=== Begin Enclosure ===

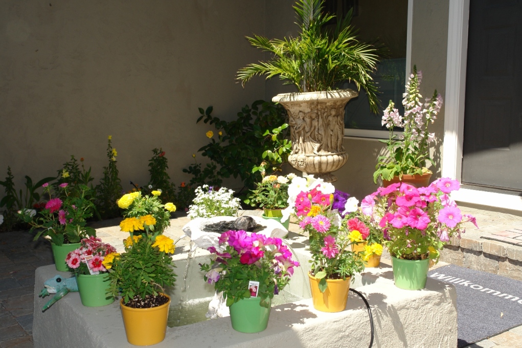 Our courtyard with the fountain and flowers. The rocks on top of the fountain came all the way from Armenia [left below]
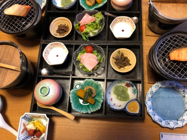 Al igual que la cena, dependiendo del tipo de ryokan, el desayuno puede servirse en sala privada, en habitación o en el comedor, y también suele ser de estilo tradicional.
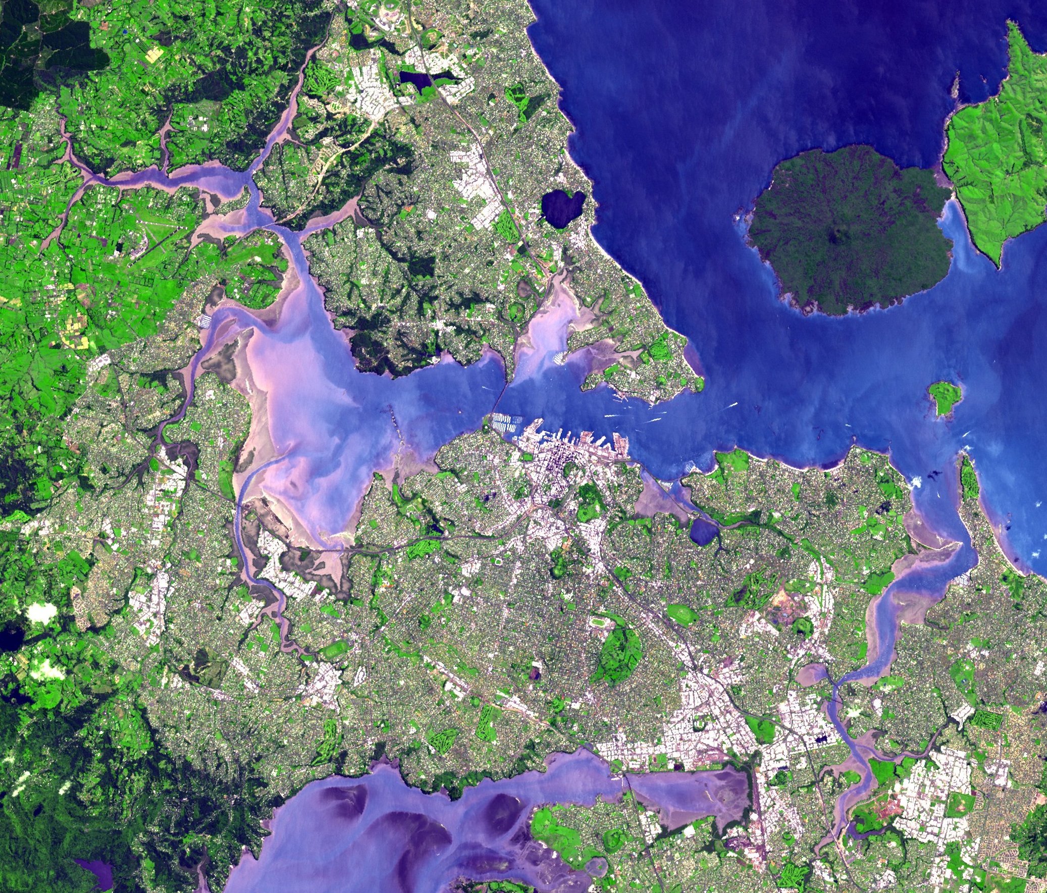 도시 중심부는 오클랜드 지협에 위치하며, 가장 좁은 지점의 너비는 2km가 채 되지 않는다. 이 지협은 망게레 만과 타마키 강 사이에 있다. 이 지협을 둘러싸고 있는 두 개의 항구가 있는데, 북쪽에는 와이테마타 항구가, 남쪽에는 마누카우 항구가 있다. 와이테마타 항구는 동쪽으로 하우라키 만을 통해 태평양으로, 마누카우 항구는 서쪽으로 태즈먼 해로 이어진다.
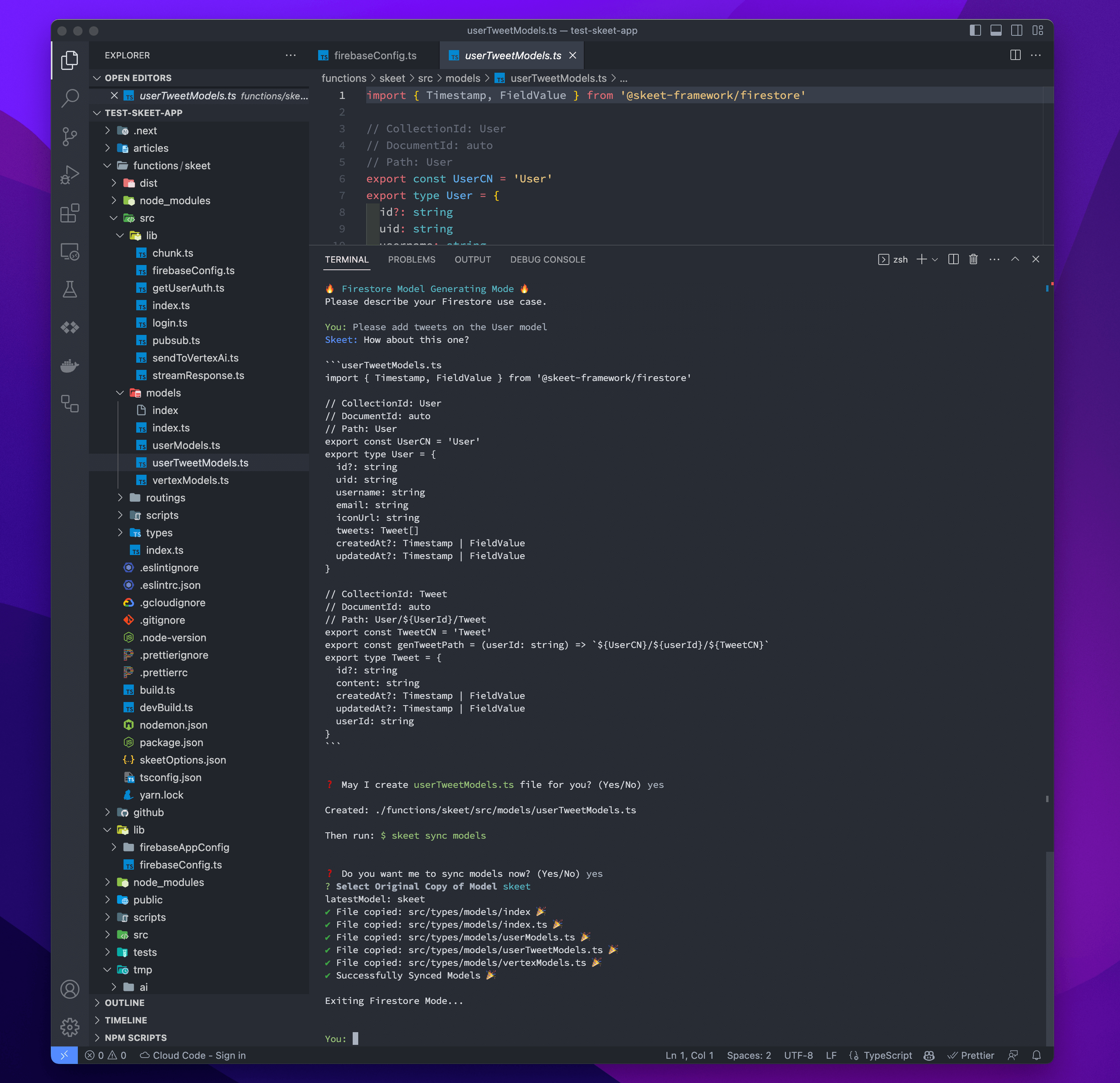 データモデルが決まれば、Skeet AI は必要なコードを自動生成するか開発者に質問します。
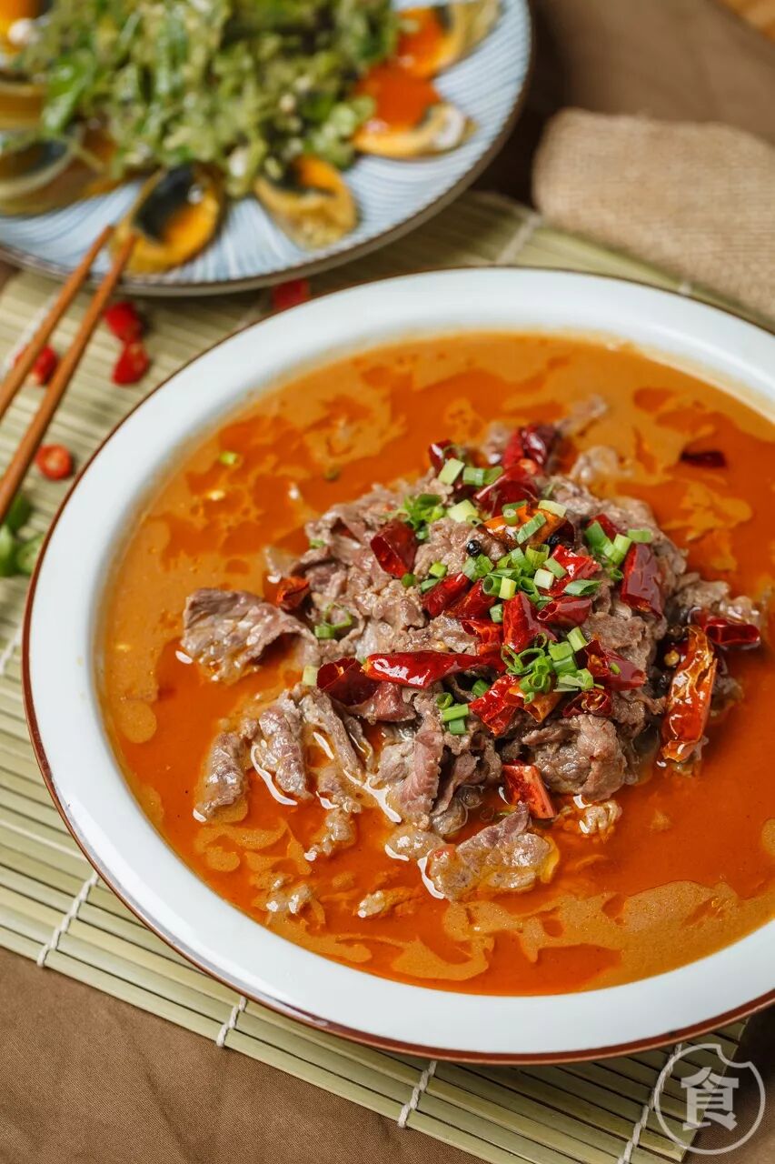 厚薄均一的切片牛肉,下锅几秒后便盛起浇油,始终保持丰富的肉感。吃的时候,会惊讶于那不时跳出的黑胡椒带来的麻辣刺激。
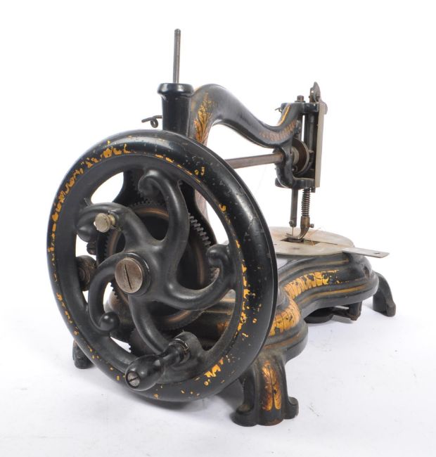 Jones - A 19th century swan neck sewing machine by Jones & Co. The machine having ebonised body with gilt laurel decoration. In original wooden carry case. Measures 34cm length.

=== End Enclosure ===

• **PROBLEM DETAILS**
With pictures excluded, restate word for word the lines from the one that contains "厚薄均一的切片牛肉,下锅几秒" through the end of the material, inclusive, and nothing more.

• **RESULT FOR THIS TASK**
 厚薄均一的切片牛肉,下锅几秒后便盛起浇油,始终保持丰富的肉感。吃的时候,会惊讶于那不时跳出的黑胡椒带来的麻辣刺激。
 Jones - A 19th century swan neck sewing machine by Jones & Co. The machine having ebonised body with gilt laurel decoration. In original wooden carry case. Measures 34cm length.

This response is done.